Warthin tumor (WT) is a well-defined benign salivary gland tumor, most commonly found in the parotid gland. Malignant transformation may involve the epithelial or lymphoid components, but carcinoma is extremely rare (0.3%). (1) To date, about 33 documented cases have been reported, including squamous, adenocarcinoma, mucoepidermoid, oncocytic, Merkel cell, and undifferentiated. (1-4) Here, we report a case of salivary duct carcinoma arising from a WT with multiple chromosomal aberrations.


A 79-year-old man presented with a painful left infra-auricular mass. A physical examination revealed a firm, well-defined, 5-cm tumor in the left parotid area. The patient had a history of diabetes mellitus, hypertension, and resolved pulmonary tuberculosis. No systemic neoplasm was identified. Fine-needle aspiration of the tumor was performed. Some turbid fluid was aspirated. The cytologic smear showed many lymphoid cells, histiocytes, and clusters of oncocytic cells in a proteinaceous background, suggesting typical WT (Figure 1). Few scattered atypical single cells were noted, but due to the paucity of atypical cells, it was considered benign atypia of oncocytic cells. Ten months later, the patient returned due to aggravated pain and increase in size of the mass. On head and neck computed tomographic imaging, a left parotid mass with internal low densities and many enlarged lymph nodes in left parotid, carotid, and parapharyngeal spaces were noted, suggesting WT associated with tuberculous or suppurative lymphadenitis (Figure 2). A left superficial parotidectomy was performed. Seven months later, a recurrent mass (5.5 cm in greatest dimension) developed at the deep lobe of the left parotid gland. He underwent a total parotidectomy and ipsilateral neck dissection. Eleven of 30 cervical lymph nodes were proven to contain metastatic carcinoma.

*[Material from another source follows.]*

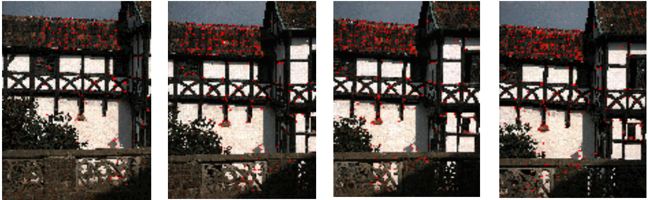
Figure 4. The first four images of a sequence taken with the Rollei d30 metric 5 camera and the points tracked through it.

The gross examination of the superficial parotidectomy specimen showed a firm infiltrative mass (3.8 cm in greatest dimension) around the cystic mass (2.5 cm) (Figure 3, A). The cystic cavity was filled with turbid necrotic fluid. The cyst wall was thickened up to 0.8 cm, focally showing papillary excrescences. The cut surface of the solid mass was whitish gray and granular with multifocal necrotic foci. Microscopically, the tumor cells were arranged as infiltrative ducts with comedo necrosis in a background of desmoplastic stroma (Figure 3, B). The WT portion revealed a typical morphology with the cyst wall lined by oncocytic epithelium with underlying lymphoid tissue (Figure 3, C). The inset shows 2 cell layers (basal layer and columnar oncocytic cell) of oncocytic epithelium. There were a few foci of transition from oncocytic/metaplastic to malignant cells (Figure 3, D). p63 (Biogenesis, Cambridge, Massachusetts) immunostaining was lost at the point of transition from oncocytic epithelium to salivary duct carcinoma (SDC) (Figure 3, E). Nodal metastases were identified in cervical and intraparotid lymph nodes. HER2/neu (Dako, Carpinteria, California) immunohistochemical staining revealed focal positivity with membranous pattern (Figure 3, F). Gross cystic disease fluid protein 15 (NeoMarkers, Fremont, California) (Figure 3, G) and androgen receptor (Dako) (Figure 3, H) showed positive reaction of tumor cells, confirmative of SDC.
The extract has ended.